Reinforcement Learning, Pt. 1

A Markov Decision Process (MDP) is a $5$-tuple

$$(S,A,P,\gamma,R),$$
where

  1. $S$ is a set of states,
  2. $A$ is a set of actions,
  3. $P:(s,a,s')\mapsto[0,1]$ is a probability distribution representing the probability of going from state $s$ to state $s'$ after taking action $a$,
  4. $\gamma\in[0,1)$, and
  5. $R:S\to\mathbb R$ and $R:S\times A\to\mathbb R$ represent the reward for being in state $s$ and for being in state $s$ after taking action $a$, respectively.
A policy is a map $\pi:S\to A$.

A value associated to a policy $\pi$ is a map

$$\begin{align}V^\pi:S&\to\mathbb R\\s&\mapsto\mathbb E[R(s_0)+\gamma R(s_1)+\gamma^2R(s_2)+\cdots|s_0=s,\pi]\\&=R(s)+\gamma\sum_{s'\in S}P(s,\pi(s),s')V^\pi(s').\end{align}$$
The last expression above is called a Bellman equation.

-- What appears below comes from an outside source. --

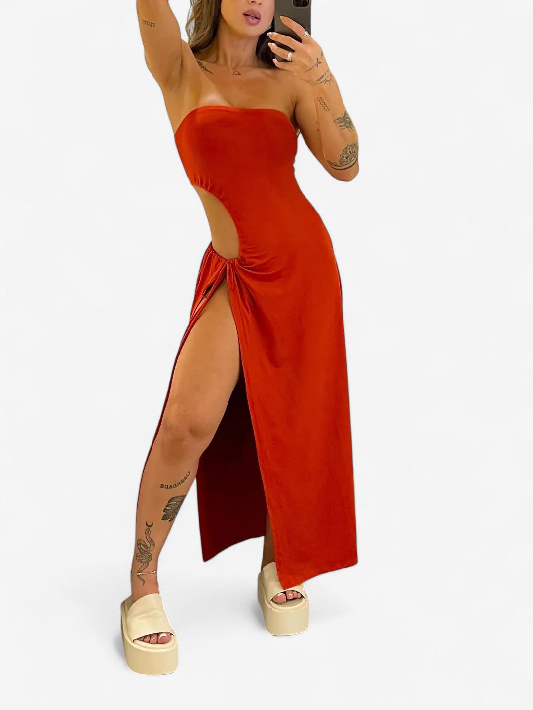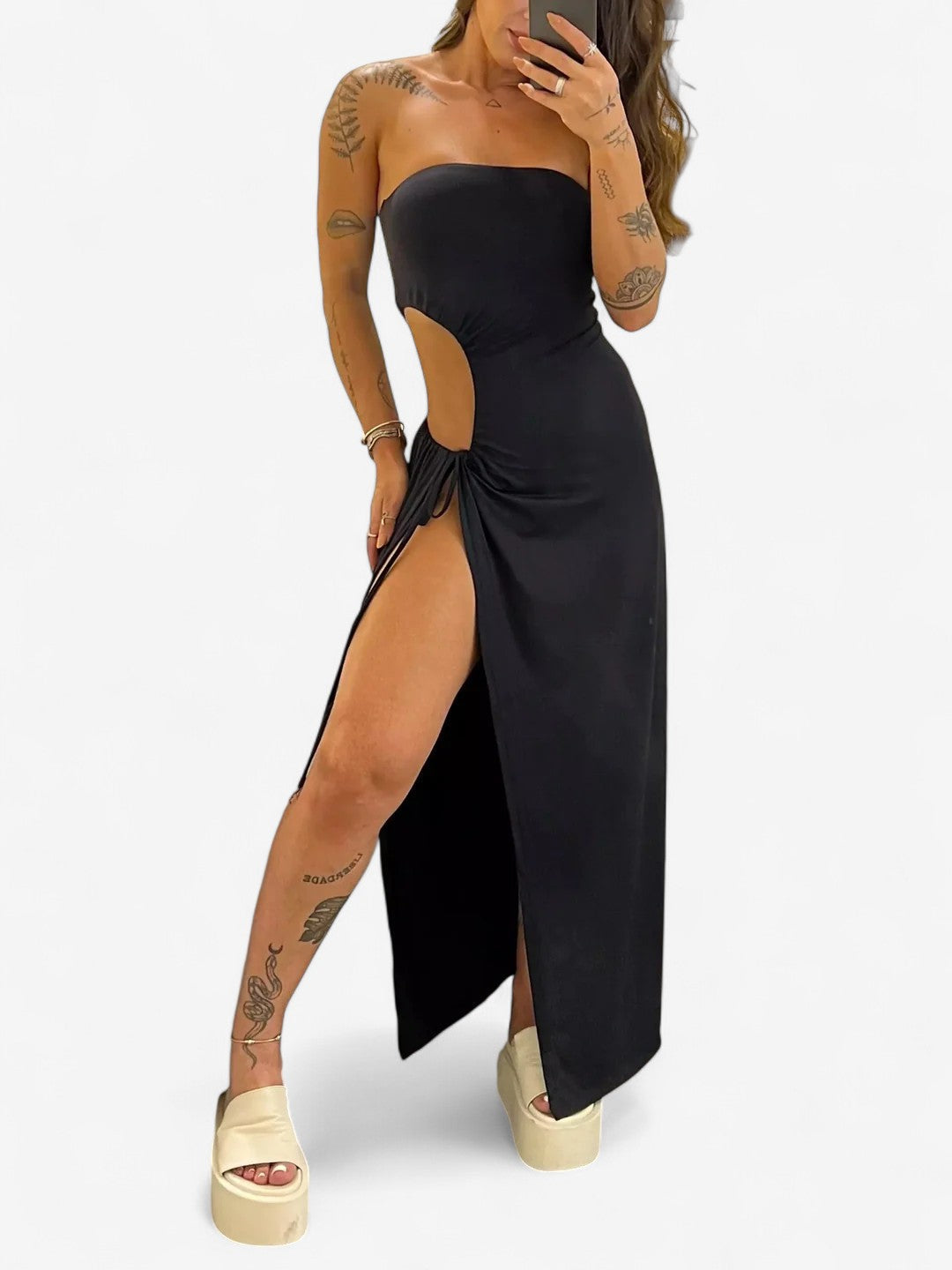 Ein feminines Kleid, das mit modernem Schnitt und verführerischem Look überzeugt – ideal für stilbewusste Auftritte.

A policy and its associated value are dual in the sense that one can be determined from the other.

The optimal value is the map

$$\begin{align}V^*:S&\to\mathbb R\\s&\mapsto\max_\pi V^\pi(s)\\&=R(s)+\gamma\max_{a\in A}\sum_{s'\in S}P(s,a,s')V^*(s').\end{align}$$

The optimal policy is the map

$$\begin{align}\pi^*:S&\to A\\s&\mapsto\arg\max_{a\in A}\sum_{s'\in S}P(s,a,s')V^*(s').\end{align}$$

The following is the value iteration algorithm:

  1. Set $V(s)=0$ for all $s\in S$.
  2. For all $s\in S$, set $$V(s)=R(s)+\gamma\max_{a\in A}\sum_{s'\in S}P(s,a,s')V(s').$$
  3. Repeat step 2 until convergence.
Convergence is due to the fact that $V$ is a contraction mapping.

The following is the policy iteration algorithm:

  1. Initialize $\pi$ randomly.
  2. Set $V=V^\pi$.
  3. For all $s\in S$, set $$\pi(s)=\arg\max_{a\in A}\sum_{s'\in S}P(s,a,s')V(s').$$
  4. Repeat step 2 until convergence.